Director: Jack Arnold
Stars: John Agar, Mara Corday, Leo G. Carroll
Reviewed by Brian M. Sammons
I love big bug movies. They’re not really frightening, but there is a certain kind of charm to them that I just eat up with a spoon. Maybe it’s because I am old enough to have experienced the Saturday afternoon creature features on UHF as a kid and these gems from the 1950s were a staple on those shows. So to say that I grew up watching these and that they helped make me the man I am today would not be an understatement. This fun flick about a huge, hairy spider going on a rampage was one of the first big bug movies and it’s still one of the best, and I am thrilled to death that it’s out on a new DVD from the Umbrella Entertainment form Australia. And yes, with all of their releases, it can be watched here in North America, but should you? Well, check your boots before you put them on, get a big can of Raid, and let’s find out.
In the Arizona desert, science is doing science things with growth hormones in the hopes of increasing the world’s food supply. So good on them for noble justification, but in the 1950s, when man meddled around with SCIENCE! then bad things were soon to follow. In this case a cute little tarantula suddenly turns not so little anymore and goes on a murderous walkabout through the sandy landscape. A local doctor and a dead scientist’s daughter (because girls can’t be scientists, silly) come together and begin to follow the trail of a strange disease which leads to dead cows and finally to the big bug, his own bad self. Only science and good old American military might combined will have any chance to bring this bad bug down. Oh, and keep an eye peeled for a young Clint Eastwood as a jet pilot in one of his earliest cinematic roles.

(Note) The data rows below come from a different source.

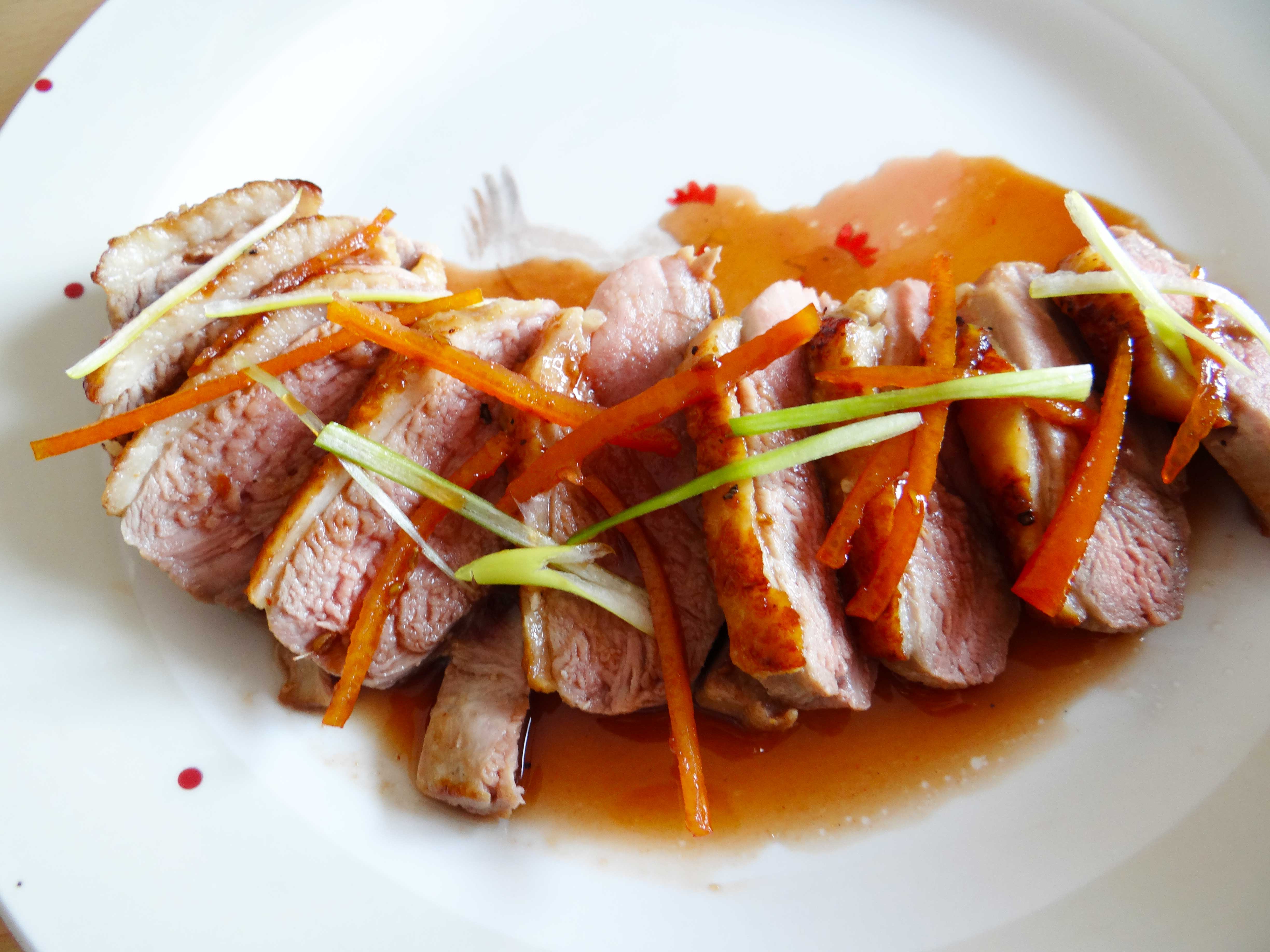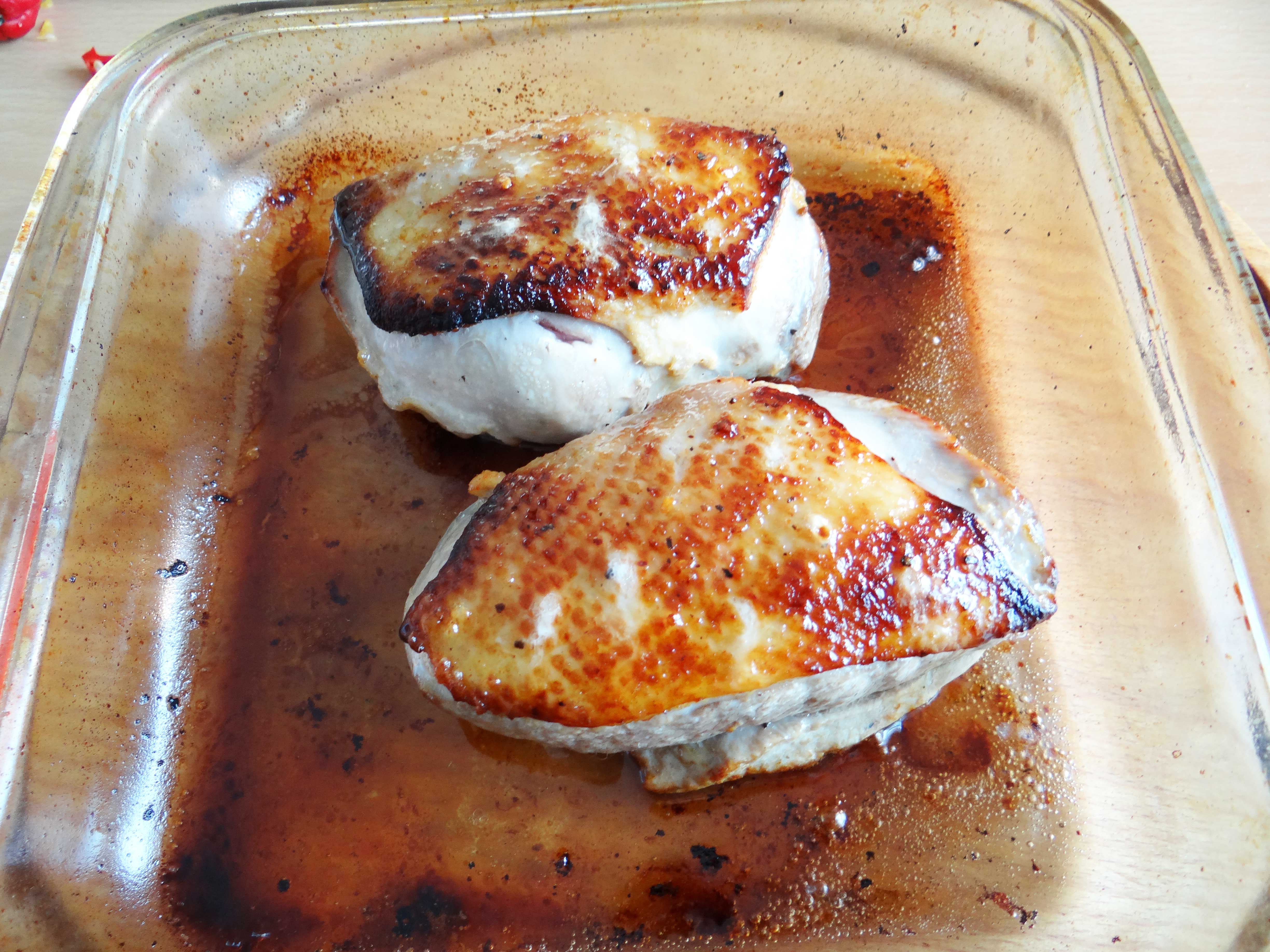 Așa arată pieptul meu după ce l-am tăiat. Este suculent iar la mijloc este roz. Deasupra am pus sosul de portocale și fâșii de coajă de portocale și ceapă verde.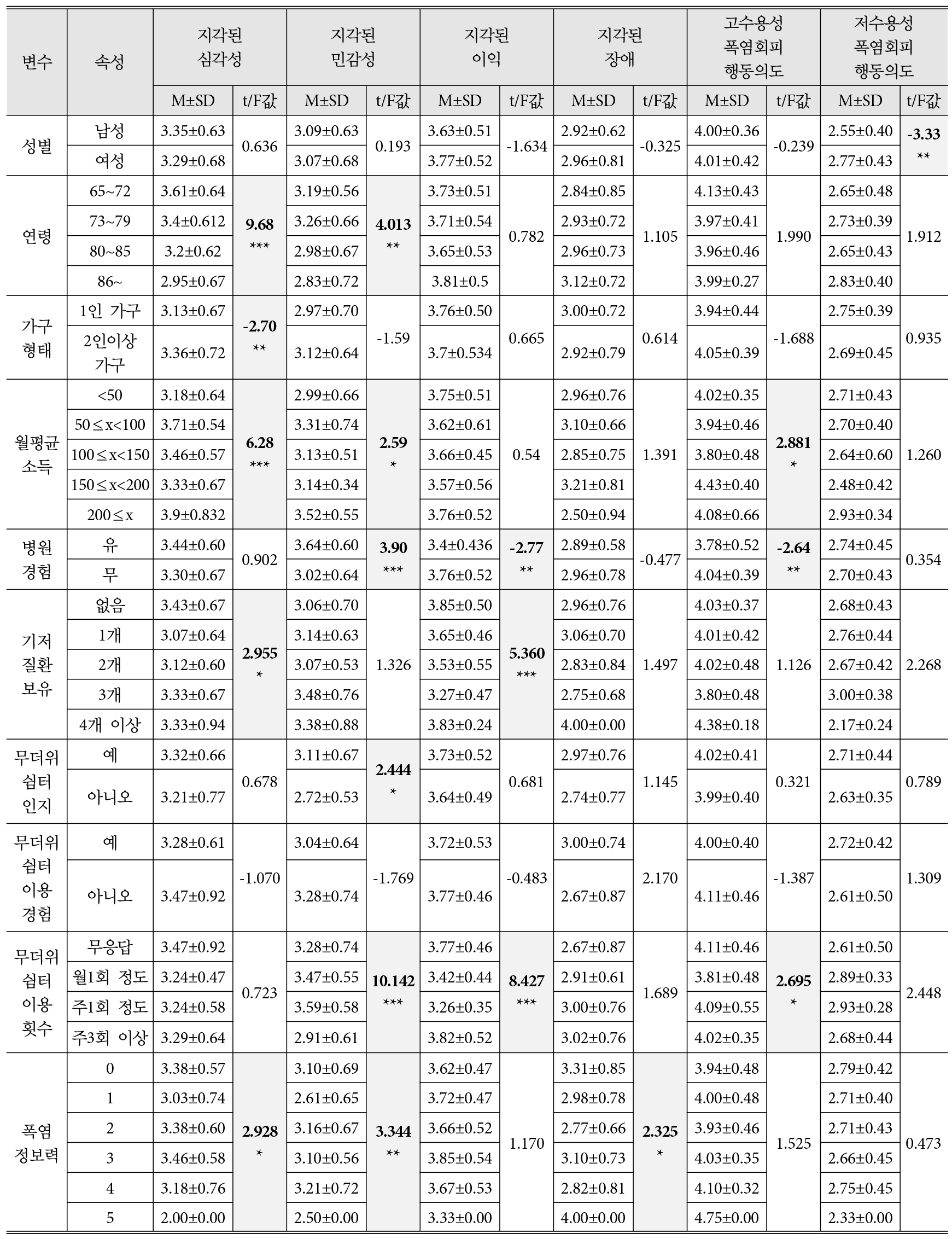 - Individual risk-taking behaviors play a key role in reducing heatwave-related health damage. This study applied the Health Belief Model (perceived severity, susceptibility, benefits, and barriers) to examine general characteristics and health belief factors influencing heatwave avoidance intentions among the rural elderly in Korea. Avoidance intentions were categorized into high- and low-acceptability behaviors. Data were collected via a survey of 194 individuals aged 65 or older in rural areas of Dangjin-si, Chungcheongnam-do. Analyses included descriptive statistics, t-tests, ANOVA, Pearson correlation, and hierarchical regression. Results showed significant differences in health beliefs and avoidance intentions by age, household type, income, hospital visits, chronic diseases, and use of heat shelters. Perceived benefits were closely related to high-acceptability behaviors, while perceived severity and susceptibility were most relevant for low-acceptability behaviors. Regression analysis confirmed that perceived benefits primarily influenced high-acceptability intentions, whereas age and perceived severity shaped low-acceptability intentions. These findings are expected to enhance the understanding of the complexity of heatwave avoidance behaviors and contribute to the development of heatwave response policies, particularly in risk communication, by supporting the formation of social networks among the elderly and tailoring strategies according to the level of behavioral acceptability.
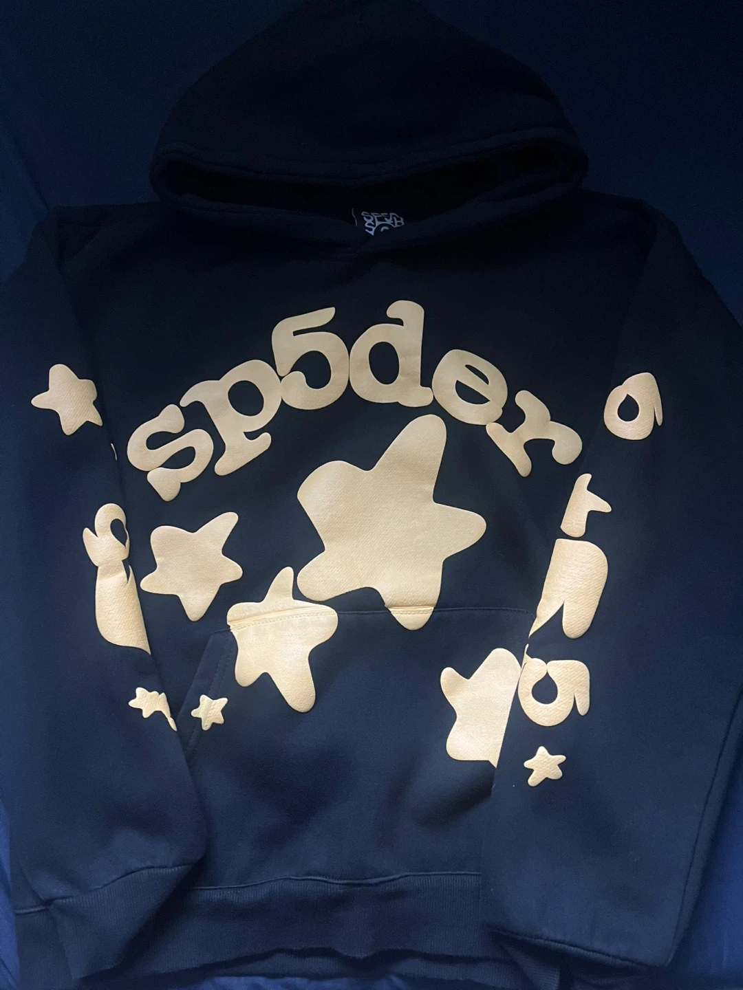 Black SP5DER hoodie featuring a star graphic design. It's a size small. Made with a comfortable fabric blend.

On to the extras on this new DVD of this classic from Umbrella Entertainment. And we’re done. Yes, sadly this disc is as barebones as they come. Hell, it doesn’t even have a menu. Now I know getting some special features for a movie that’s over 60 years old is a tall order, but something could have been done and I feel something should have been done for this. That being said, the transfer looks very good and just having this film on a good-looking disc and not a cheaply thrown together, horrible looking multipack is good for me.
Tarantula is a great blast from the past. If you are a fan of the big bug, atomic horror flicks from the 1950s you will love this film. If you have yet to go down that rabbit…er…spider hole, then Tarantula is a great place to start. Consider this one recommended.